The trip to the bathroom, of course, involved my again lifting her upper body to a sitting position on the bed. It was this move that once again triggered that hideous cry of anguish from her lips. Thankfully, once again, when she was vertical there was no pain. The trip to the bathroom, the changing of the wet underpants and the return to the bed were all uneventful.

It was when I once again lay her back to lie on the pillow that the damnable, terrifying wail of agony burst forth. Its rasping sound thrust through my heart like a knife and along with it a thought: “I wonder how much of this horror I can endure?”

I was soon to find out. For despite my earnest hope that untroubled sleep might come to us both, the scenario I’ve just described repeated three more times in the remaining six hours before dawn.

When I heard the fourth call, it was with dread that I anticipated that which was about to follow. I did not wish to answer her call. But how could I not? Thus I arose from my bed the fourth time. And as I walked the twenty feet to her bed, a sudden and grotesque thought crossed my mind: “Oh, wouldn’t it be better if she were dead?!”—swiftly followed by the horror of what I had just thought. “My G-d, I just wished my beloved dead!” Guilt and shame flooded my heart, stopping me dead in my tracks.
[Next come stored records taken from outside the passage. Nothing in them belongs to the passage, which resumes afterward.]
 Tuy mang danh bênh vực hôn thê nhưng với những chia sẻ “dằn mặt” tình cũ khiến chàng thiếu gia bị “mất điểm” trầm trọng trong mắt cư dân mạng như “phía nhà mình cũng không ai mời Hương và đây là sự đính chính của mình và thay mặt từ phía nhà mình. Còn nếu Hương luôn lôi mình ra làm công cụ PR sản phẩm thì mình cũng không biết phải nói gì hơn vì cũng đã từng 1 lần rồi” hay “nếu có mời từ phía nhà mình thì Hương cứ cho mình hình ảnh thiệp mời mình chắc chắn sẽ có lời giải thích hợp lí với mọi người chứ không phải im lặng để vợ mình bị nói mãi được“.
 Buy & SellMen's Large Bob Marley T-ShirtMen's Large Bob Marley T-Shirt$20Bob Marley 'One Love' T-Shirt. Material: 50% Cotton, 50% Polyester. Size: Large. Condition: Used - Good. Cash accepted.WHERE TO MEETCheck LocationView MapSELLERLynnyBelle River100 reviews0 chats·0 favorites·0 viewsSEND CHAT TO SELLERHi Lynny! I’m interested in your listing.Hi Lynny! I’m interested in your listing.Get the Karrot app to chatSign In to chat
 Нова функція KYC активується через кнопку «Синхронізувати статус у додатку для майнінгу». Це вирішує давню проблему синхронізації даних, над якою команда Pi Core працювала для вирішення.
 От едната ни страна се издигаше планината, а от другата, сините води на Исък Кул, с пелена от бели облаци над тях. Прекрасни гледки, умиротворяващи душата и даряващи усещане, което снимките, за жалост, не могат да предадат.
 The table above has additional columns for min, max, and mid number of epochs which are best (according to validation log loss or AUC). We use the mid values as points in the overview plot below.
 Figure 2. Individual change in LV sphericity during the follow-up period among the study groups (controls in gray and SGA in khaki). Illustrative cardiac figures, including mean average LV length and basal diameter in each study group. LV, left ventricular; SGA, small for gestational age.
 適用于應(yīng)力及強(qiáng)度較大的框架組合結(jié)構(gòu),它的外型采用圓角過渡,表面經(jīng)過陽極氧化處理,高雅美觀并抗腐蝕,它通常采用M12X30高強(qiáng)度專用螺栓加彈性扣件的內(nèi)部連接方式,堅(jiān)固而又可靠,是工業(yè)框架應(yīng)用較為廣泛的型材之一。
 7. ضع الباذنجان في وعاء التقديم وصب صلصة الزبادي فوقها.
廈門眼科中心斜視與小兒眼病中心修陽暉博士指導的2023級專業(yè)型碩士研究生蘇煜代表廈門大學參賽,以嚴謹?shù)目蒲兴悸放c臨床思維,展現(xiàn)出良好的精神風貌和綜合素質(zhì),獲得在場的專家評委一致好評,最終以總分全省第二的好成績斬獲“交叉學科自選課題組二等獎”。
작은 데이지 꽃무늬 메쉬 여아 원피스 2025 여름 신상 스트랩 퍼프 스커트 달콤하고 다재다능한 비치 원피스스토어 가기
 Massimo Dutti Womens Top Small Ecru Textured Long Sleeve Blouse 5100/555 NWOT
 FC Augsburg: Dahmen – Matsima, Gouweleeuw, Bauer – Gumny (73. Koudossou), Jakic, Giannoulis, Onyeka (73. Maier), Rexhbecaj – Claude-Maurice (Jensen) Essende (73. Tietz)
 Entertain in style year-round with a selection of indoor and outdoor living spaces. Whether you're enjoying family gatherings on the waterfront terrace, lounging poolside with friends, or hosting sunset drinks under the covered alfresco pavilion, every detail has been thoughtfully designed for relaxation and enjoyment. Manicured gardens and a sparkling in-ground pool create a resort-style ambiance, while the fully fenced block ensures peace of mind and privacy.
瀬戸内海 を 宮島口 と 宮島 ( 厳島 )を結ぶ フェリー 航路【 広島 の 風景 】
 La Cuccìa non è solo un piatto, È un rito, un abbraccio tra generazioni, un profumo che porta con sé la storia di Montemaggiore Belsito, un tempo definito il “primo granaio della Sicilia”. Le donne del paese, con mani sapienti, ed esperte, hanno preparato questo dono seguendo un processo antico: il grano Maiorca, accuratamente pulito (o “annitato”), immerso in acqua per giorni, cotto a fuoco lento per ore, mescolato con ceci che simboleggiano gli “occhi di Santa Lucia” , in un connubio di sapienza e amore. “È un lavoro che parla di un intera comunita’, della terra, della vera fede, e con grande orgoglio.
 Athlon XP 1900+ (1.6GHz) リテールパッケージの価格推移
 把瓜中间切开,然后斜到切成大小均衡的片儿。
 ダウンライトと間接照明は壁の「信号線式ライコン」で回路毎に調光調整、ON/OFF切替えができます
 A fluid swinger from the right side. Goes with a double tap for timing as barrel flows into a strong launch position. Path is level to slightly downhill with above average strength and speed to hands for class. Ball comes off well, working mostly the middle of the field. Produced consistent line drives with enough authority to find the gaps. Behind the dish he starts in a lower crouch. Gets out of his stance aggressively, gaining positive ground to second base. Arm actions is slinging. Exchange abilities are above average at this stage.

How could I go to her with that awful thought in my mind? The pain of the guilt was overwhelming. Now I could do but one thing. And that was to pray a desperate prayer for forgiveness for my insane wish to kill. So with sorrowful heart I raised high my right hand and silently, fervently cried out, “Gentle Jesus, take my hand. I need your help. Help me see my murderous thoughts through your kind eyes. Help me see I am forgiven for my dark wish for death.”

And miracle of miracles, in that very instant my prayer for the cleansing of my mind was granted…because my plea had come from my heart. So an instant peace had replaced the murderous hate; a calm compassion had replaced the anguished guilt.

As I returned to her bedside, I walked with lighter step, for I possessed a lighter heart. Of course two of the same heart-piercing screams were repeated. But this time as I lay her head on the pillow, she reached up and put her arms around my neck, kissed me and said, “I’m so glad I have you in my life.” And thus at that moment our hearts were joined. It was a brief and ‘holy instant’ in which, “An ancient miracle has come to bless and to replace an ancient enmity that came to kill.”